## PROBLEM STATEMENT
Reproduce exactly, and only, the lines below from the one containing "Elementos de Protección" through the one containing "ZARA ТОЛСТОВКА VARSITY".

## DATA SECTION
┄┄┄┄┄┄┄┄┄┄

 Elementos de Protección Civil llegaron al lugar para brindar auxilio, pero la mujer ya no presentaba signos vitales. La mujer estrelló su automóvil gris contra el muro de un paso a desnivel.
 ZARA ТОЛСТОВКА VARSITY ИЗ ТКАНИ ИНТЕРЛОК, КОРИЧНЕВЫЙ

┄┄┄┄┄┄┄┄┄┄

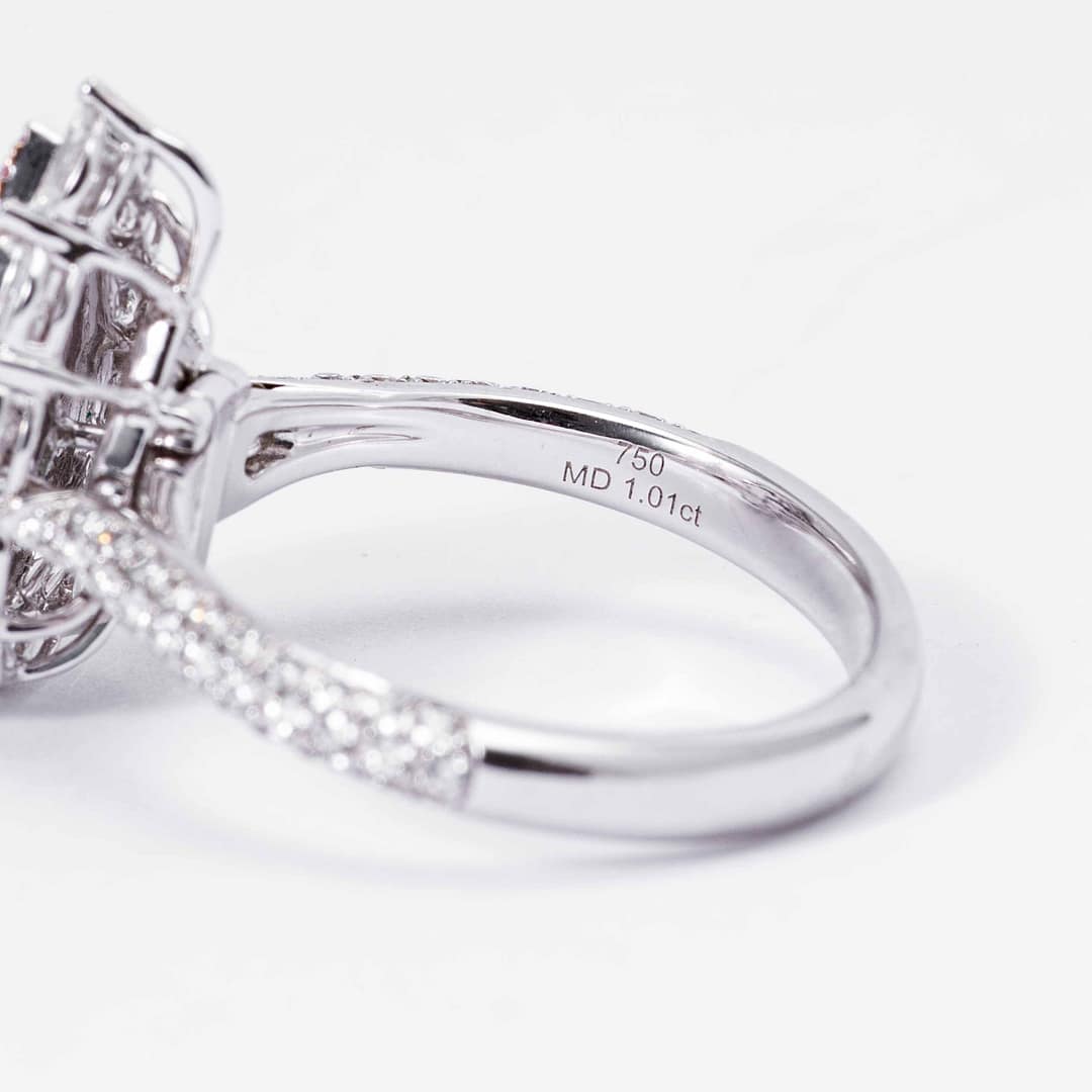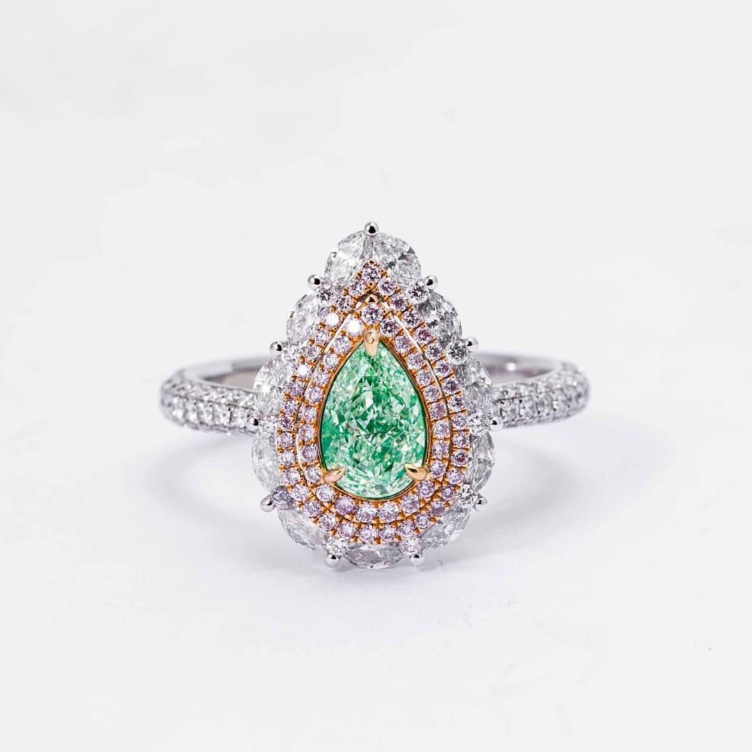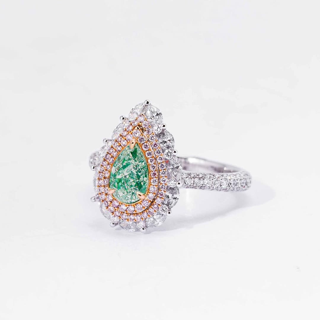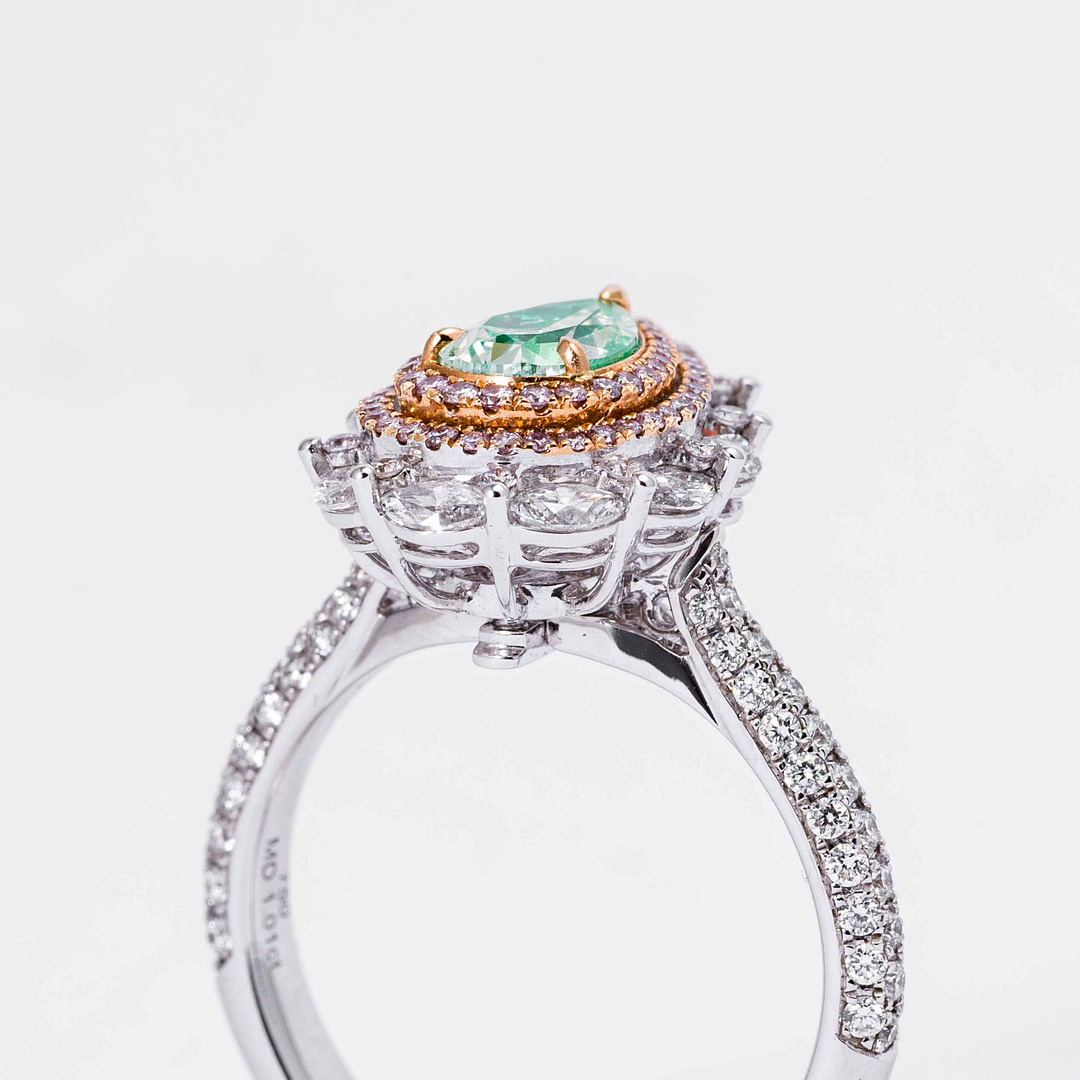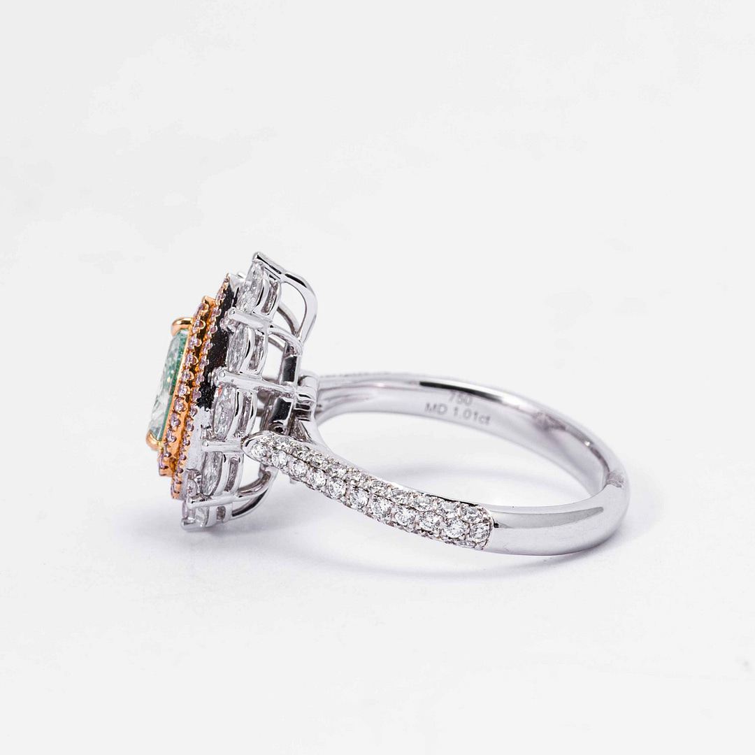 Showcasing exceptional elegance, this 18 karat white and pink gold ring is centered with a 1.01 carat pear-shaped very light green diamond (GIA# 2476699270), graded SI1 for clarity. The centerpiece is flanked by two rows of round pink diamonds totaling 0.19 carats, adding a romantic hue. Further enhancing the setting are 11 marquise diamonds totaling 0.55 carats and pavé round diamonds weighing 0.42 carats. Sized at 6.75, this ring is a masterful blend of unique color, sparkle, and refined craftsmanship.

┄┄┄┄┄┄┄┄┄┄

## SOLUTION TO THE EXERCISE
 Elementos de Protección Civil llegaron al lugar para brindar auxilio, pero la mujer ya no presentaba signos vitales. La mujer estrelló su automóvil gris contra el muro de un paso a desnivel.
 ZARA ТОЛСТОВКА VARSITY ИЗ ТКАНИ ИНТЕРЛОК, КОРИЧНЕВЫЙ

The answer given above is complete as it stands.